Die Ukraine verzeichnet in den Kämpfen mit der russischen Armee Tag für Tag "bis zu 100 getötete Soldaten und bis zu 500 verwundete" Soldaten. Der ukrainische Verteidigungsminister Oleksij Resnikow erklärte, die Lage an den Frontlinien in der östlichen Donbass-Region sei schwierig.

"Der Kreml übt weiter Druck mit schierer Masse aus, gerät ins Stolpern, stößt auf starken Widerstand und erleidet hohe Verluste", hieß es in der in Onlinediensten veröffentlichten Erklärung Resnikows. Der ukrainische Präsident Wolodymyr Selenskyj hatte die Zahl der täglich getöteten ukrainischen Soldaten Anfang Juni mit 60 bis 100 beziffert.

Insbesondere rund um die Städte Sjewjerodonezk und Lyssytschansk liefern sich beide Seiten derzeit heftige Gefechte im Donbass. Es sind die letzten Städte der Region Luhansk, die Russland noch nicht erobert hat.

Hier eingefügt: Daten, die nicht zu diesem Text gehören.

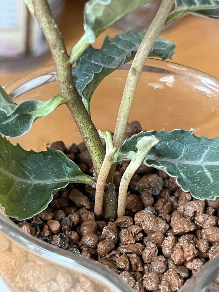 前回、親株から3本の新芽が出たと投稿したのですがあれから1本がそこそこ成長して良い葉模様を出し始めました😁
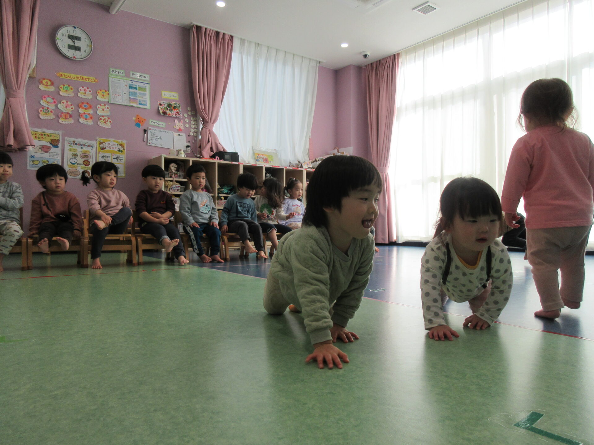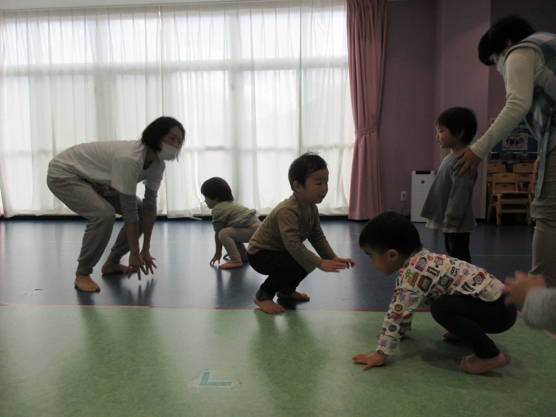 馬のリズムでは、手をしっかり開き、足の指をついて、馬のように四つ足ハイハイをします。
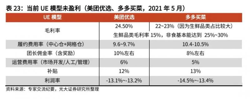 隨著2020年7月美團、拼多多、滴滴等互聯巨頭入場并投入補貼、快速地推,興盛優選UE受到影響,履約費用率升至5%-6%。2021年5月大型平臺如美團優選、多多買菜等,履約費用率在10%左右,加之團長傭金(8%-10%)、補貼(12%-13%)和運營費用(5%-6%),普遍具有10%以上虧損。隨著未來平臺整合、市場滲透率增加,當前各項成本均有壓縮空間,UE模型盈利具備可能性。
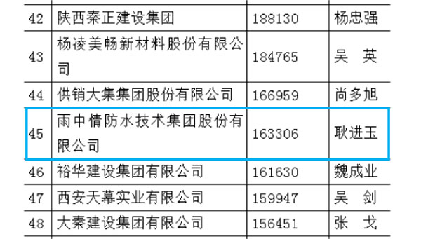載譽而歸 | 第45名,雨中情連續三年上榜陜西民營50強企業
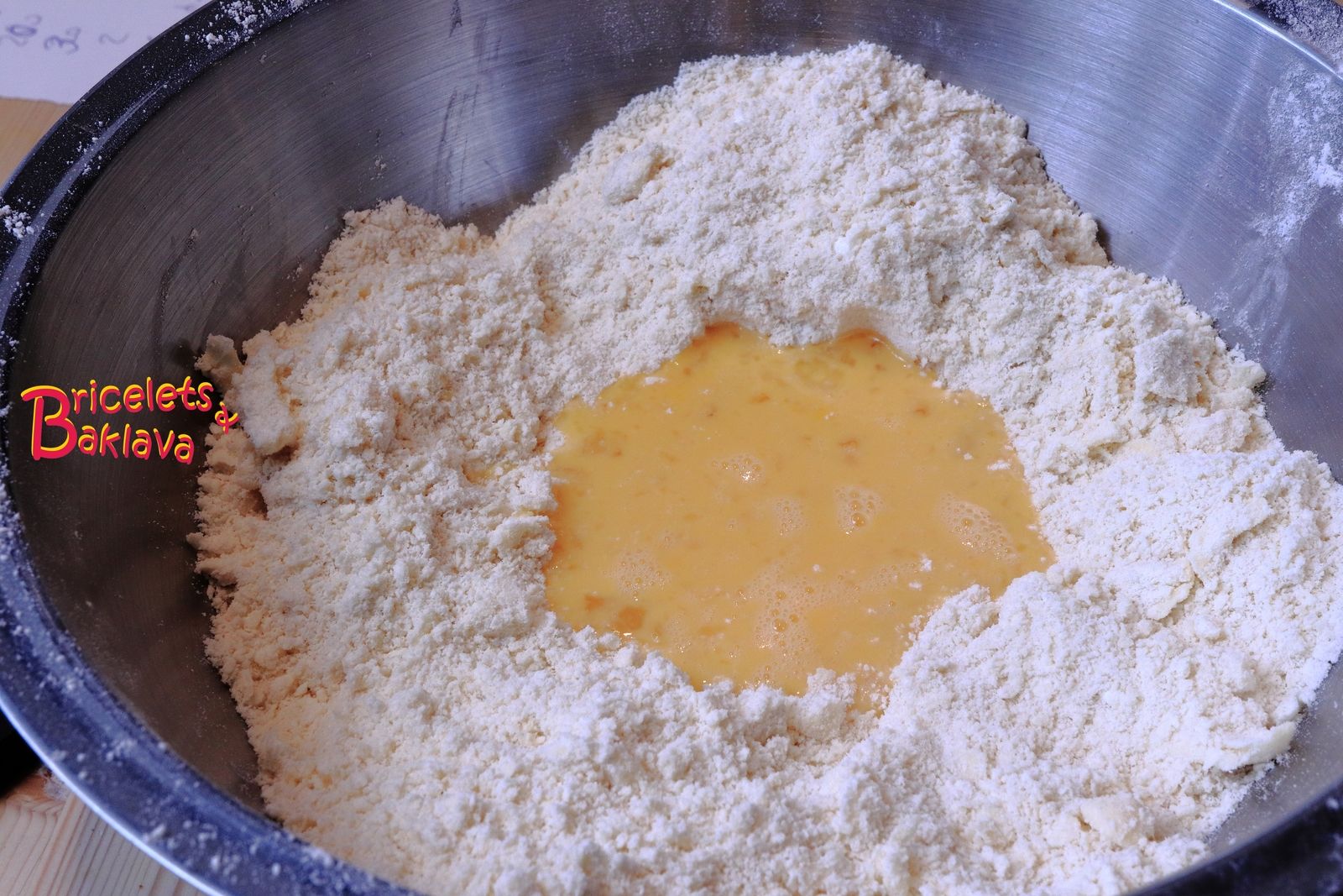 Faire une fontaine et y verser les œufs préalablement battus
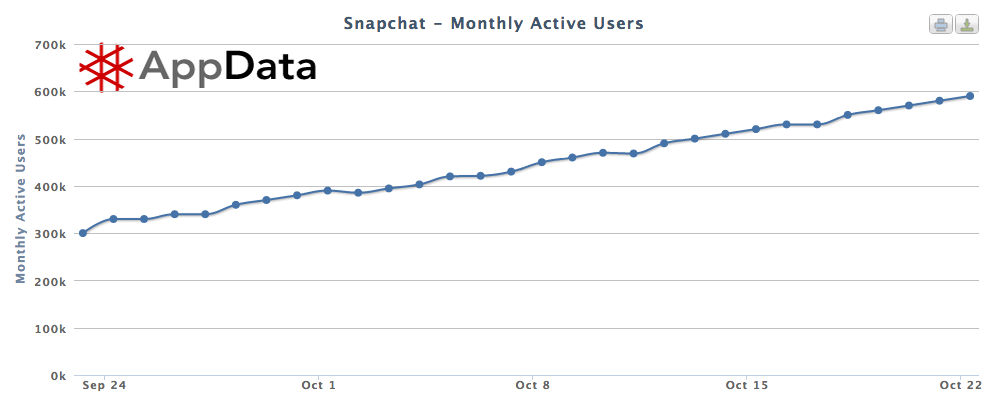 On Appdata, which can track mobile apps and how many Facebook users they have, you can see the app has a healthy growth trajectory. The daily active usage looks low with 40,000 DAU, but that’s because AppData doesn’t show Snapchat’s overall userbase. It’s the number of Snapchat users who connect to Facebook every day, which happens to be a small portion of the app’s total user base. What matters is that you can see a nice upward trend on the graph, unlike Path, which is seeing a flatline on AppData.
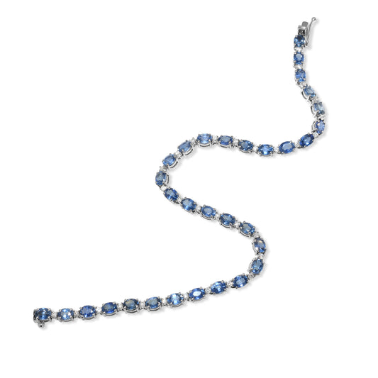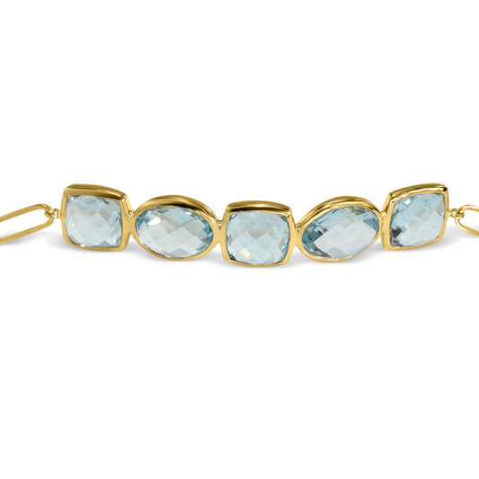 14k Blue Topaz 5 Bezel Bar Paperclip Bracelet
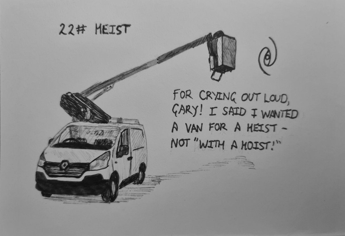 Another quick one, because it's 4.00am... #heist was the #inktober2022 day 22 prompt... BUT DID YOU KNOW that "heist" is actually a 19th century American dialectical variant of "hoist"? Well, it is... #inktober #drawing #drawings #amdrawing #etymology

Sjewjerodonezk steht nach Angaben des Gouverneurs von Luhansk, Serhij Gajdaj, vom Mittwoch mittlerweile "weitgehend" unter russischer Kontrolle. Die Nachbarstadt Lyssytschansk werde hingegen noch vollständig von der ukrainischen Armee kontrolliert.

"Sie zerstören alle Häuser in Sjewjerodonezk"

Die Einnahme der beiden Städte würde Moskau den Vormarsch auf die Großstadt Kramatorsk in der Region Donezk ermöglichen. Der Kreml käme damit seinem Ziel der vollständigen Eroberung des Donbass einen entscheidenden Schritt näher.

Auch nach den Worten Selenskyjs entscheidet sich das Schicksal der Donbass-Region in Sjewjerodonezk. "Dies ist eine sehr harte, sehr schwierige Schlacht", sagte Selenskyj in einer Videobotschaft am Mittwochabend. Selenskyj berichtete von schweren Kämpfen in Sjewjerodonezk. Es handele sich wahrscheinlich um eine der schwierigsten Schlachten in diesem Krieg. In Sjewjerodonezk entscheide sich "in vielerlei Hinsicht das Schicksal unseres Donbass", fügte er hinzu.

"Die Russen schießen auf alles, sie zerstören alle Häuser in Sjewjerodonezk, mit Panzern, mit Artillerie", erklärte Gajdaj am Mittwoch. Nur das Industriegebiet "gehört noch immer uns". Allerdings könnte die Ukraine die Stadt mit westlichen Waffensystemen schnell wieder unter ihre Kontrolle bringen, erklärte Gajdaj am heutigen Donnerstag. Sobald die ukrainische Armee über Artillerie mit großer Reichweite verfüge, könnten ukrainische Spezialkräfte "die Stadt in zwei bis drei Tagen säubern".